Wenn wir über die wirtschaftliche Situation des Landes während der demokratischen Zeit, insbesondere in den letzten 23 Jahren, nachdenken, erkennen wir, wo die Risiken für die Demokratie liegen. Nach "Laufstall„Mit den Regierungen von Néstor und Cristina Kirchner kam es zu einer Phase des wirtschaftlichen Aufschwungs, doch in den letzten Jahren begann die Wirtschaft zunehmend zu sinken. Die letzten vier Jahre der Regierung des derzeitigen Präsidenten Alberto Fernández waren von einer Rezession geprägt. Als Folge dieser katastrophalen Wirtschaftsentwicklung sanken das Vertrauen in Institutionen und der Zukunftsoptimismus drastisch (Iazzeta, 2023).

Vorwahlen, offene, gleichzeitige und obligatorische Wahlen (PASO) haben eine andere Struktur als amerikanische Vorwahlen und berücksichtigen tatsächlich die Präferenzen der Bevölkerung. Der Favorit war in diesem Fall Javier Milei, ein Politiker, der Ende letzten Jahres auf sich aufmerksam machte, aber aufgrund seines schlechten Abschneidens bei den Provinzwahlen am Ende der ersten Jahreshälfte keine Chance mehr auf den ersten Platz zu haben schien Jahr. Javier Milei verursachte ein Erdbeben in der argentinischen Politik, indem er mit formal festgelegten Standards brach (Annunziata, 2023).

Dem argentinischen Politikwissenschaftler Martín D'Alessandro zufolge waren die Peronisten das Rückgrat der argentinischen Demokratie. hatte ihr schlechtestes Wahlergebnis seit 80 Jahren (D'Alessandro, 2023). Aber das Erdbeben hörte hier nicht auf: Die Abstimmung für Javier Milei, der keine Gouverneure, Bürgermeister oder andere Vertretungen hat, ist gerade aus diesem Grund eine zutiefst staats- und institutionenfeindliche Abstimmung.

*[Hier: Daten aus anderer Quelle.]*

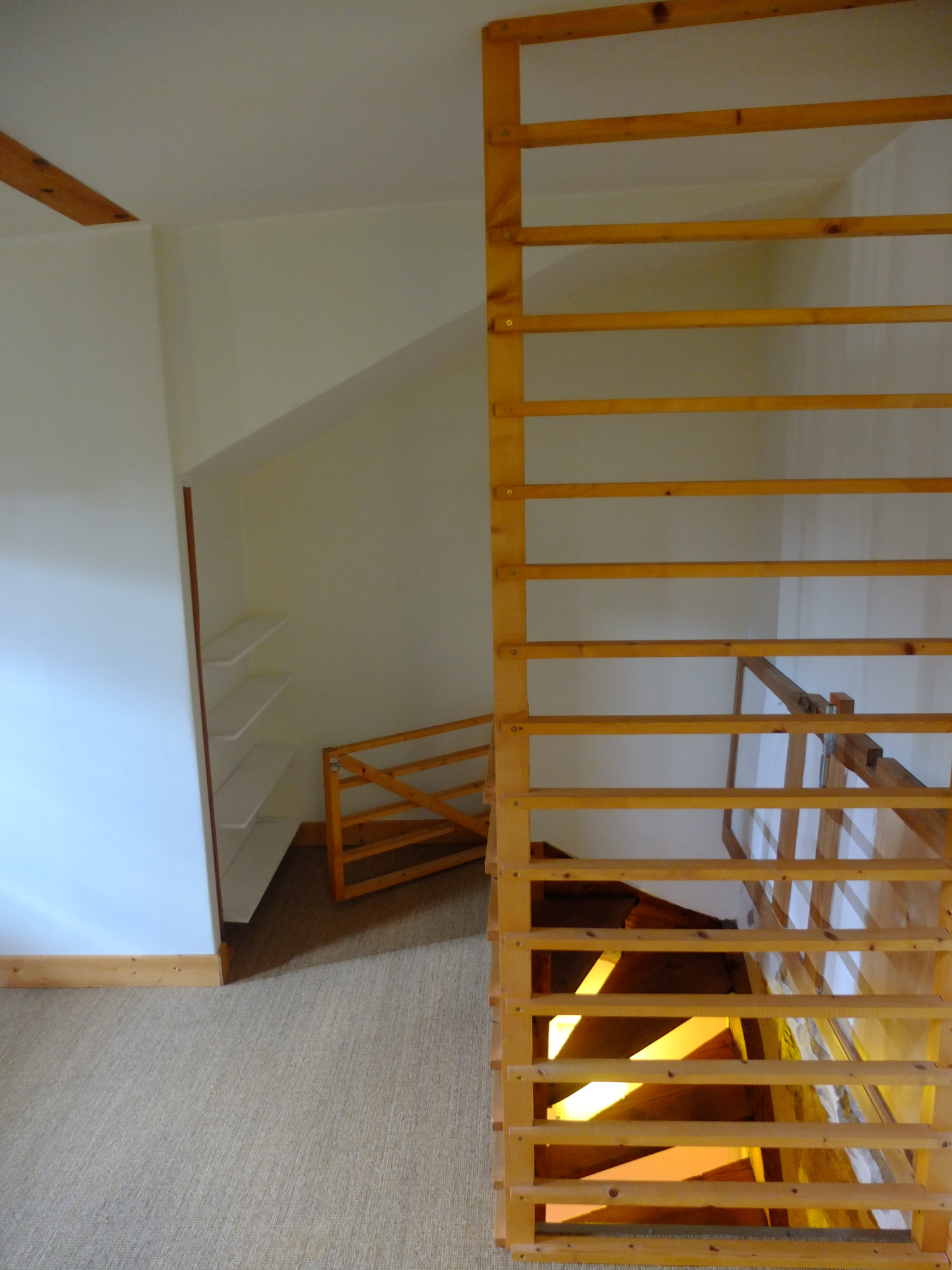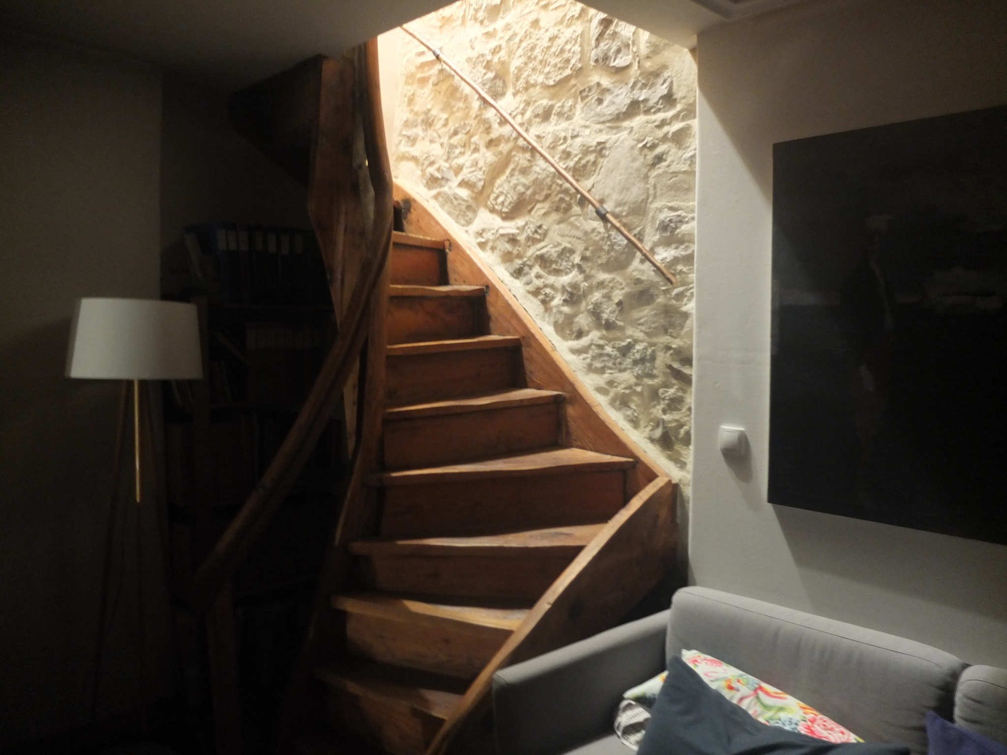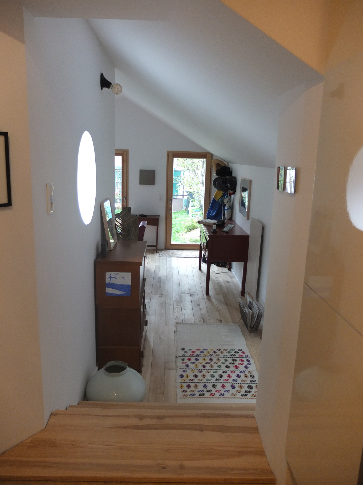 Triple vitrage, matériaux naturels (parquet frêne-olivier, liège isolant, pierre apparente)

Daher läuft Argentinien bei dieser Wahl Gefahr, in eine Spirale zu geraten, die bereits andere Länder in der Region erfasst hat, etwa Brasilien, das sich teilweise vom Bolsonaro-Abenteuer erholt hat, Peru mit regelmäßigen Amtsenthebungen und Chile, das zwischen seiner Verfassung gelähmt ist nicht will und nicht konsensfähig ist. Das ist ein Weg, von dem wir wissen, dass er beginnt: mit der Ablehnung aller demokratischen Institutionen. Wir wissen einfach nicht, wie es endet.

*Leonardo Avritzer Er ist Professor am Institut für Politikwissenschaft der UFMG. Autor, unter anderem von Sackgassen der Demokratie in Brasilien (Brasilianische Zivilisation). [https://amzn.to/3rHx9Yl]

Ursprünglich veröffentlicht am GGN-Zeitung.